London: The oil market doomsayers are beginning to capitulate.

Speculators reduced bets on falling prices to the lowest level in 11 months as oil briefly breached $50 a barrel on signs supplies are coming into balance.

Crude climbed 7.4 per cent this month in New York amid lower US production and unplanned disruptions in Canada and Nigeria. Prices are up almost 90 per cent since February. Money managers’ short position in US benchmark crude reached the least since June, according to data from the Commodity Futures Trading Commission.

“If you’ve been short since February this has been a very painful ride,” said Kyle Cooper, director of research with IAF Advisors and Cypress Energy Capital Management in Houston. “There are always a few die-hards but otherwise you’d want to get out. This is indicative of the improving fundamentals.”

West Texas Intermediate futures rose 0.6 per cent on the New York Mercantile Exchange during the CFTC report week, and closed at $49.33 on Friday.

Oil has surged amid a spate of disruptions. Nigerian crude output has dropped to the lowest level in 27 years as militants increased attacks on pipelines in the Niger River delta. Fires that began early May in Fort McMurray shut about 1.2 million barrels a day of production in Canada’s oil-sands region.

Market Balance

Analysts from the International Energy Agency to Goldman Sachs Group Inc. say the crude glut is dissipating as supply and demand move back into balance. Goldman increased its 2016 forecast for WTI to $44.60 a barrel, from $38.40 in a report dated May 15.

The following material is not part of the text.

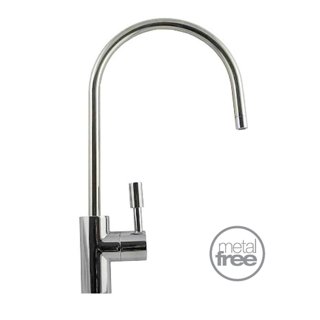 Krómozott, háromutas csaptelep, amelyet a hagyományos kiállások mellett a háztartási RO víztisztítókhoz lehet csatlakoztatni.

“The confidence of the shorts has been shattered,” said Phil Flynn, senior market analyst at Price Futures Group in Chicago. “A lot of bears continued to bet that prices would fall well into the rally. When relatively bearish banks like Goldman Sachs changed to a more bullish outlook, bears noticed.”

US crude output fell to 8.77 million barrels a day in the week ended May 20, the least since September 2014, an Energy Information Administration report showed. The number of active oil rigs in the US slipped by 2 to 316 last week, the lowest number since October 2009, according to data from Baker Hughes Inc.

Rig Count

“The rigs number underlines the bullish case,” Flynn said. “They are still cutting the rig count and it’s going to take months before any price increase can result in increased oil production.”

The short position in WTI fell by 3,047 futures and options combined to 60,932, CFTC data show. Longs slipped 2.6 per cent, while net-long positions dropped 2.1 per cent.

In other markets, net bullish wagers on US ultra low sulphur diesel more than doubled to 13,378 contracts, the highest since July 2014, as futures climbed 1.5 per cent. Net bullish bets on Nymex gasoline slipped 10 per cent to 21,263 contracts. Gasoline futures increased 1.2 per cent in the period.

“The products are more interesting than crude this week,” said Tim Evans, an energy analyst at Citi Futures Perspective in New York. In the diesel market “money managers are more optimistic than they’ve been in almost two years, which is pretty impressive.”

The Organisation of Petroleum Exporting Countries is unlikely to reach any agreement to limit output when it meets June 2 in Vienna, as the group sticks with Saudi Arabia’s strategy of squeezing out rivals, according all but one of 27 analysts surveyed by Bloomberg.

“There wasn’t much of a move either way; the drop in both shorts and longs was small,” said Michael Lynch, president of Strategic Energy & Economic Research in Winchester, Massachusetts. “The market didn’t do much after hitting $50. They seem to be betting that the Opec meeting will end with a whimper not a bang.”